Saeed Muhammad Usman, Bin Wang, Sheng Jinfang, Saleem Salman
School of Computer Science and Engineering, Central South University, Changsha, 410083, Hunan, China.
School of Computer Science and Engineering, Central South University, Changsha, 410083, Hunan, China.
Comput Biol Med. 2025 Feb;185:109526. doi: 10.1016/j.compbiomed.2024.109526. Epub 2024 Dec 20.

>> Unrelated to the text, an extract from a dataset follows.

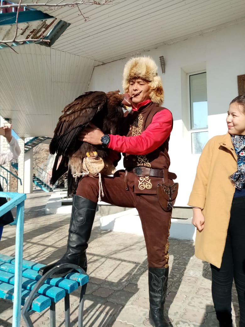 « Жарысқа бүркіт пен ителгімді апардым. Ителгі – кіші құс. Алатын аңының ең ірісі қоян, үйрек секілді аңдар. Ителгі жыланның түрін айыра алатын, ауызында асыл тасы бар жыланды төбеде ұшып жүріп, ысқырғанда жыланды су түбінде көріп, айыра алатын қасиетке ие құс. Ал бүркіт бабына келсе, қасқырға дейін алады. Баптауына келсек, ең қиыны- бүркітті баптау. Оны аңға салу үшін 40-45 күн қайырады. Төсінде, табанында, қанатының астында, құйрығындағы майларын бөліп алмай, жәймен, баппен азайтады. Ең бірінші орында бүркіттің іш құрылысының тазалығы. Егер қыранның асқазанында май болса, құс салған аңынан айнып бармай қалады. Соның барлығын қадағалп отыру қажет. Құсты баптағанда жем, ақжем, сары бөртпе беріп баптаймыз.» - дейді құсбегі Айшуақ Тайманов. Осыдан қарап-ақ, құсбегілік өнері екінің бірінің қолынан келетін өнер емес екендігін білуге болады.

Spine segmentation poses significant challenges due to the complex anatomical structure of the spine and the variability in imaging modalities, which often results in unclear boundaries and overlaps with surrounding tissues. In this research, a novel 3D Multi-Feature Attention (MFA) model is proposed for spine segmentation. The standard MobileNetv3 is modified by adding the RCBAM (Reverse Convolution Block Attention Module) module, and FPP (Feature Pyramid Pooling) for feature enhancement. Each modified MobileNetv3 is trained separately on axial, coronal, and sagittal views of 3D images. The features are concatenated to form a 3D feature map and given to the decoder part for spine segmentation. The results show that the 3D MFA outperforms from state-of-the-art method with DCS (dice coefficient score), and IoU (Intersection over Union) of 96.52%, and 95.84% on VerSe 2020 dataset while 94.64% and 93.69% on VerSe 2019 dataset with less computational cost.

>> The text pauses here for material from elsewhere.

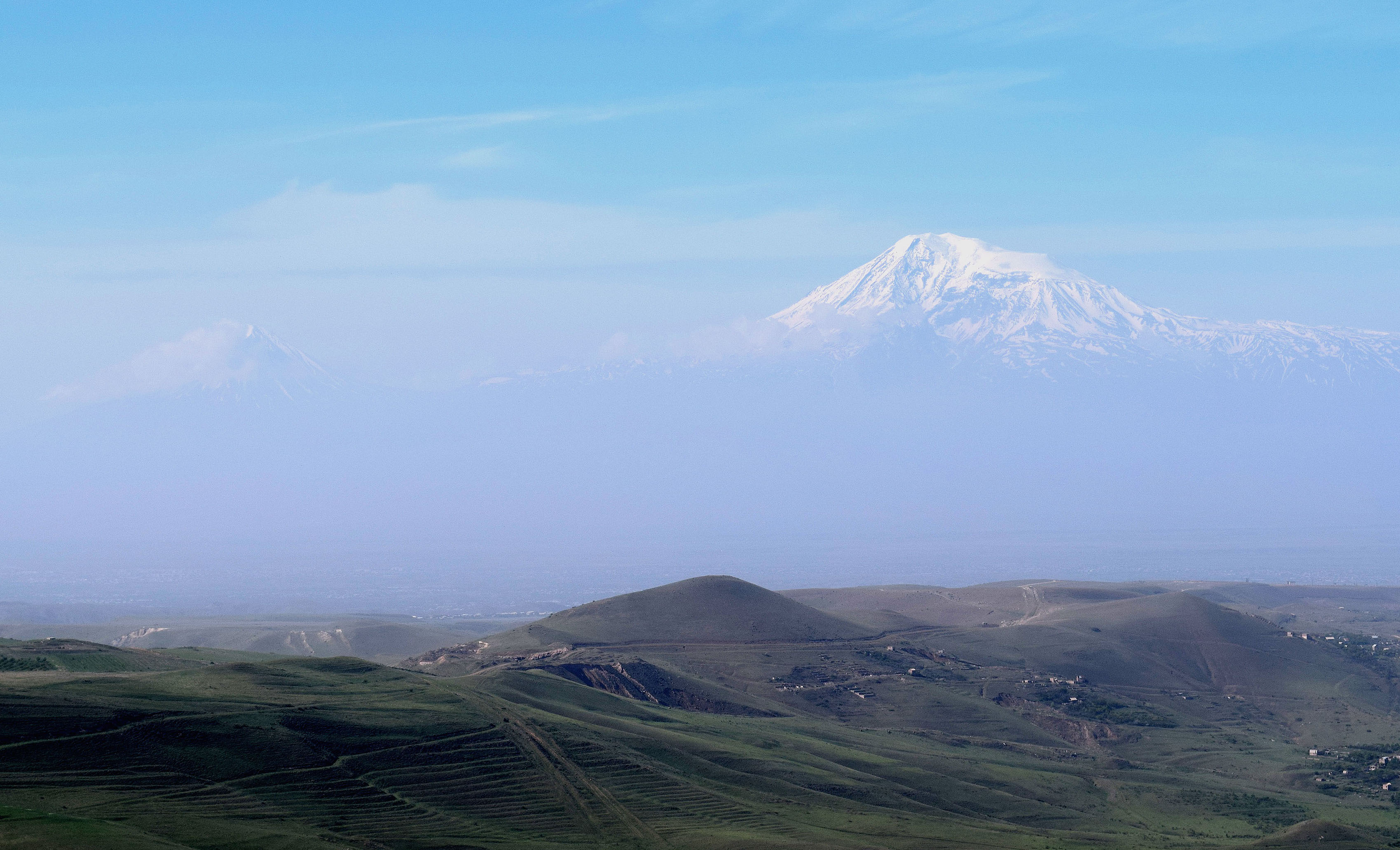 Together, the Ararat Mountains straddle the borders of what are present-day Turkey, Armenia, Iran, and Azerbaijan. Mt. Ararat (“Greater Ararat”) rises to a height of 5,137 m (16,854 ft). Mt. Ararat’s neighboring mountain, Little Ararat (“Ararat the Lesser”), on the left of this photograph, rises upwards to 3,925 m (12,877 ft). This photograph was taken just outside of Yerevan, Armenia.

由于脊柱复杂的解剖结构以及成像方式的多样性,脊柱分割面临重大挑战,这常常导致边界不清晰以及与周围组织重叠。在本研究中,提出了一种用于脊柱分割的新型3D多特征注意力(MFA)模型。通过添加RCBAM(反向卷积块注意力模块)模块和用于特征增强的FPP(特征金字塔池化)对标准MobileNetv3进行修改。每个修改后的MobileNetv3分别在3D图像的轴向、冠状和矢状视图上进行训练。将这些特征连接起来形成一个3D特征图,并将其输入到解码器部分进行脊柱分割。结果表明,在VerSe 2020数据集上,3D MFA在骰子系数得分(DCS)和交并比(IoU)方面优于现有方法,分别达到96.52%和95.84%,而在VerSe 2019数据集上,在计算成本较低的情况下,分别为94.64%和93.69%。